Depuis quelques années, des startups mettent au point des robots de moins en moins onéreux et tentent de conquérir la planète chirurgicale : la française MedTech, spécialisée dans la chirurgie de la colonne vertébrale et du cerveau avec le robot Rosa, TransEnterix, qui commercialise son système robotisé ALF-X en Europe, Verb Surgical annonce le lancement de son robot pour 2018 avec un investissement record de 250 millions de dollars. Les géants ne sont pas en reste.

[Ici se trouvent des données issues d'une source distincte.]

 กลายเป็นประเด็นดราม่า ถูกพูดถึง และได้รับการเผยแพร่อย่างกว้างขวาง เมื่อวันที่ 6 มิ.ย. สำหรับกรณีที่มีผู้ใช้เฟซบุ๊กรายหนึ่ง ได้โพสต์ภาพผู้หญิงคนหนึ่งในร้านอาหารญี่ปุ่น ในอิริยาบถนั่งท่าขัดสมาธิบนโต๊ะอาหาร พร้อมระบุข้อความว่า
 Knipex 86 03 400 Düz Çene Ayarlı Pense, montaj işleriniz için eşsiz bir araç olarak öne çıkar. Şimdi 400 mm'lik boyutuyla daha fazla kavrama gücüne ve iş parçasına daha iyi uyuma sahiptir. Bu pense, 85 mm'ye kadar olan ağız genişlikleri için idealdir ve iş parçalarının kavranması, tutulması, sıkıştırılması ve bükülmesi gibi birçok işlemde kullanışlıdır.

GSK et Google, avec leur filiale commune Verily Life Sciences, mettent au point un robot chirurgical peu invasif qui permettra d’implanter des dispositifs de traitements des désordres métaboliques et endocrinaux.

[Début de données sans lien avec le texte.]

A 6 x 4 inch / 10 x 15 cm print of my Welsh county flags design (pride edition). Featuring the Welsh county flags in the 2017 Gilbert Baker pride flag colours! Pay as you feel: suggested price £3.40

Le robot ne tuera pas le chirurgien.

Selon Reuters, le marché de la robotique chirurgicale va doubler dans les cinq ans. Une révolution ? « Non, répond le Pr Guy Vallancien (Académies de médecine et de chirurgie), mais une mutation irréversible qui va faire disparaître l’anesthésiste (remplacé par un robot qui distribuera les doses exactes nécessaires au cours de l’intervention), le biologiste, remplacé par des ordinateurs qui traiteront des données entièrement informatisées, les anatomo-pathologistes, doublés par des machines qui screeneront tous les tissus… Et le chirurgien aussi est en train d’être dépassé par les robots. »

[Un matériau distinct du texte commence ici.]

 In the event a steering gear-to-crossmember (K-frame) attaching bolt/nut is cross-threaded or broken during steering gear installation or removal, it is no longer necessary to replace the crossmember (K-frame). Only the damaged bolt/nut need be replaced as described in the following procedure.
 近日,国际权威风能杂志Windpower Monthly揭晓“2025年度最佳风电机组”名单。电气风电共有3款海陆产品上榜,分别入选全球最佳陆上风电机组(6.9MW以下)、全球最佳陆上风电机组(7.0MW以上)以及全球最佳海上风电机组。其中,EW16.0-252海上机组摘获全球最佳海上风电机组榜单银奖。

Aujourd’hui, ces robots agissent au bloc sous la surveillance des hommes, mais vont-ils conquérir demain leur autonomie ? « Pour toutes les interventions programmées ayant un caractère répétitif, incontestablement, oui, estime le Pr Vallancien, leurs performances sont incomparables par rapport à celles des pauvres êtres humains patauds et fragiles que nous sommes. En revanche, pour les opérations réalisées dans l’urgence, le chirurgien gardera de très loin sa supériorité sur la machine, qui n’atteindra pas sa réactivité devant l’inattendu. Le robot ne tuera donc pas le chirurgien, mais il va réduire sensiblement son champ d’action et parcelliser sa compétence. »

Face à ces perspectives, l’auteur de Homo artificialis, plaidoyer pour un humanisme numérique (Michalon) juge urgente la tenue d’une conference of parties pour statuer sur la régulation de l’intervention de la machine. Il souhaite que la France en prenne l’initiative et il y travaille.